Friday, 27 July 2012

Methodism and the Baptists

When you are ordained as a Methodist minister you promise that if for any reason you should leave that ministry you will do so quietly.  The idea is that you don't stir up trouble.  As it turns out the Methodist Church has been a very good church to leave.  Generally, people did not put me under pressure for the decision I was making and sincerely wished me well.  Two kind gestures were the fact that the Methodist minister's meeting (Fellowship of the Kingdom/Spectrum) in my area invited me to join them and the superintendent of the district called in to see how I am getting on with the Baptists.

In this post I want to reflect on some of the advantages of being a Methodist and some of the advantages of being a Baptist.  Please don't read this as a comparison or try to read between the lines.  I am deliberately only thinking of the positive aspects of each.

Four benefits of Methodism
1.  The history.  I am not an out-and-out John Wesley man.  I am aware that he had his faults.  But there is something very heart-warming about the eighteenth-century Wesleyan revival.  It made me realise that the denomination was rooted in real evangelical faith.  It is a history to inspire on a number of levels: there is evangelistic zeal, innovation and social concern.

2.  The broadness.  It will surprise some that a conservative evangelical like me could see a benefit in being a part of a broad church.  But there was an aspect of it which I liked.  I came into the ministry with many unformed opinions and it gave me the freedom to reach my own conclusions with the assurance that difference of opinion was accepted.  Of course I am still forming opinions and an hopefully open to being persuaded by biblical argument.

3.  The letters page of the Methodist Newletter.  This is a guilty pleasure.  But I find the letters page of the Methodist Newletter fascinating.  It is due to the diversity of opinion that is expressed.  There is real back and forth debate, even if sometimes there is more heat than light.

4.  The friendships.  I think one of the greatest strengths of Irish Methodism is the friendships.  There is a genuine sense of family.  Even though I am not a Conference person I looked forward to going and meeting so many friends.  I especially loved the years I did at Junior Ministers' Convention.

Four benefits of the Baptists
1.  The narrowness.  Having just said I enjoyed Methodism's broadness I may sound like I am contradicting myself in saying that I love the Baptist's narrowness.  Now I am not talking about a narrow-mindedness or people who think that you have to have a settled opinion on every issue.  But I love the fact that we share a general agreement on the big issues.  For example, when I talk of 'the gospel' or 'the cross' with my Baptist friends I know that they share my understanding about what is central to the good news and have the same understanding of the atonement.

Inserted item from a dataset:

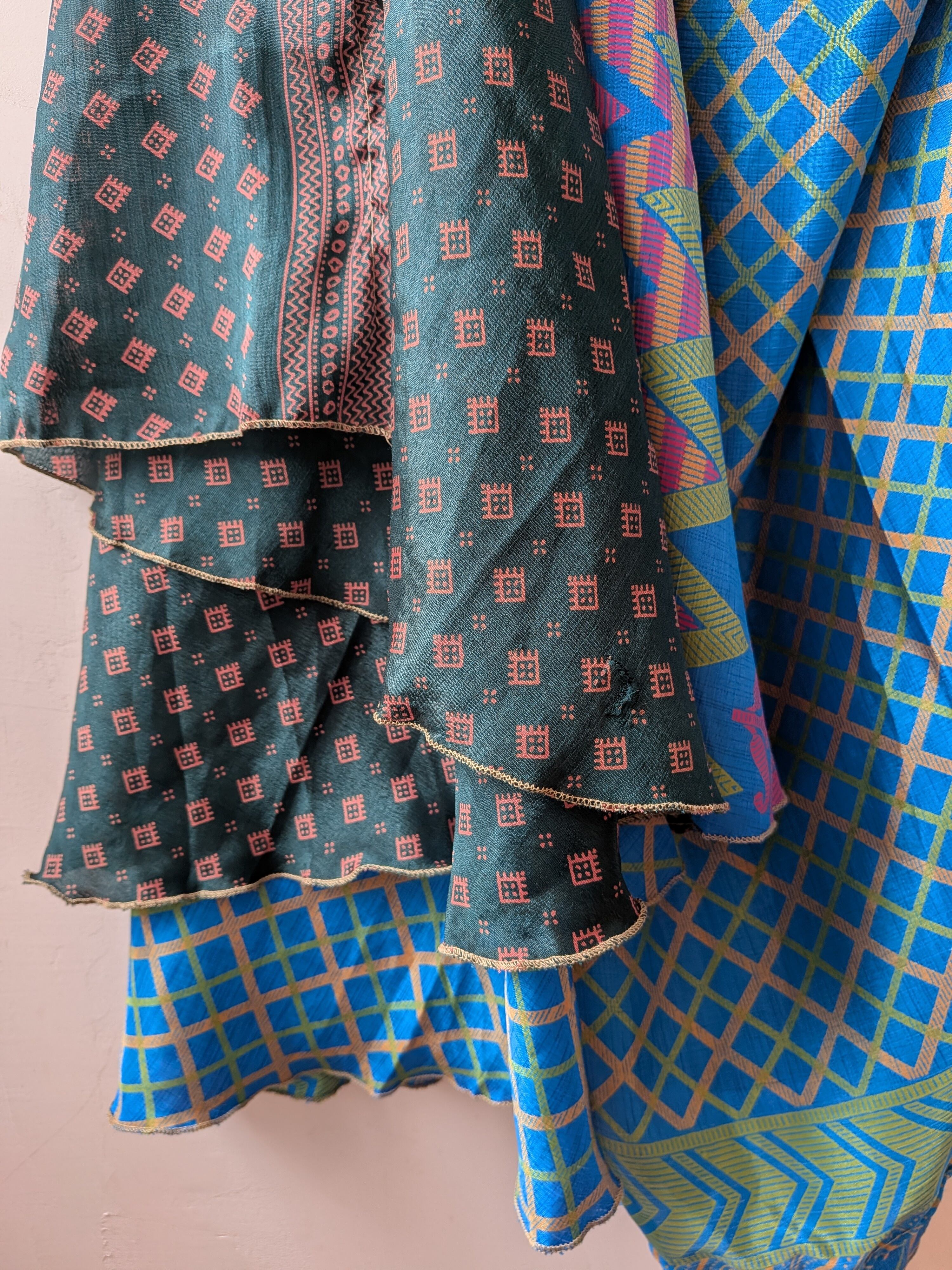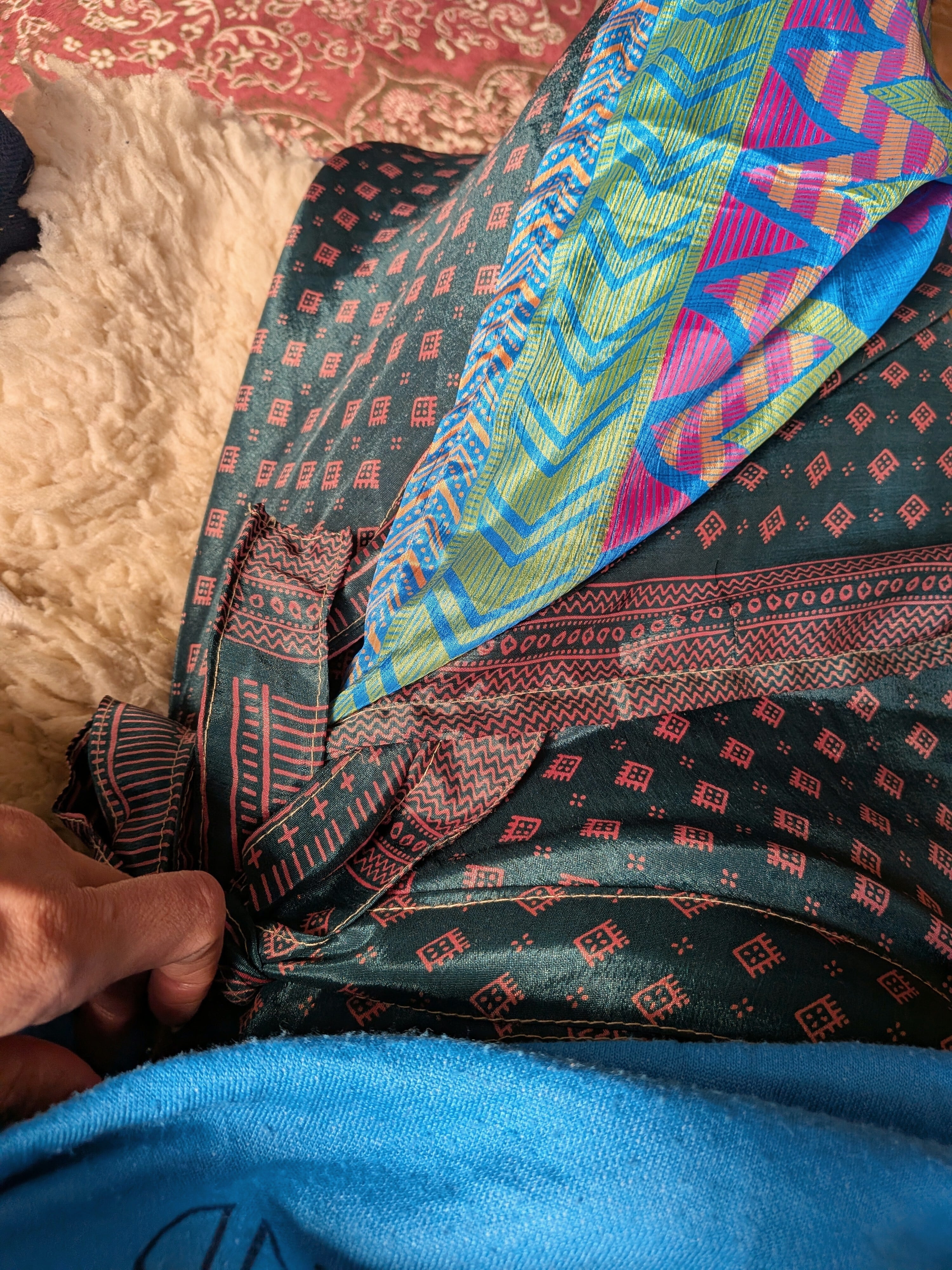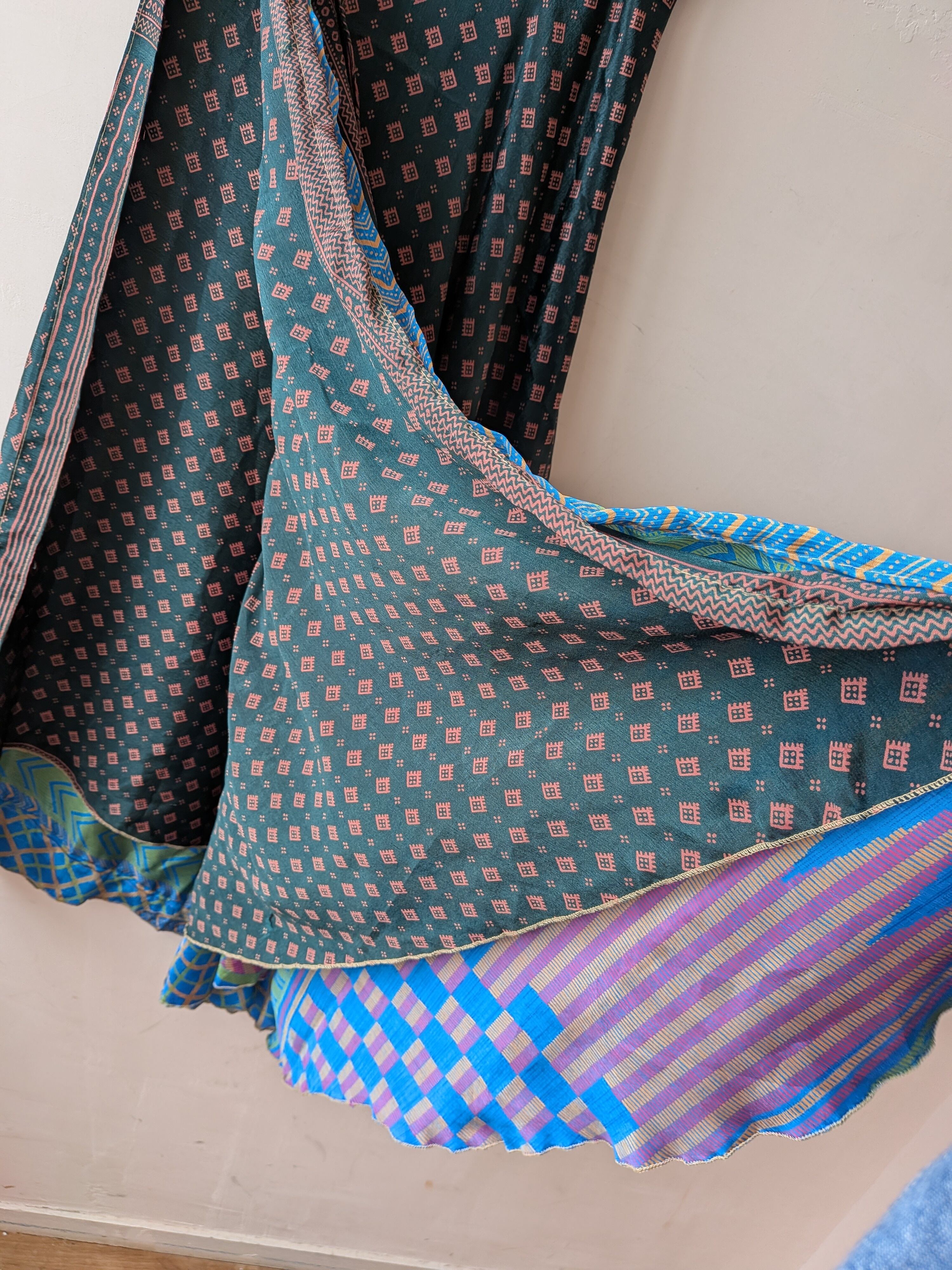 こちらはvintageサリーをリメイクしたお品となり、1点1点手作業で作られているため、生地にほつれなどがある場合があります。

2.  Low-churchmanship.  Ironically, I dress a little bit less casually at LBC than I did at RMC.  But generally the style of Baptists (south of the border) is contemporary music and casual attire.  That suits my desire to think of the church as being family and the pastor as simply being one of the people.

3.  The friendships.  I came into the Baptist church with 'previous'.  Some of my friends were already here.  There are also the meetings, in Abbeyleix, of pastors and other workers based in south.  I have really enjoyed these.

4.  Open-ended tenure.  This was the reason I moved to the Baptists.  I wanted to have the possibility of a long term tenure.  There is great relief in not thinking about whether you are going to be moved in the next year, although the member's meeting could get rid of me if they wanted (but then would you want to stay in a church that wanted rid of you?)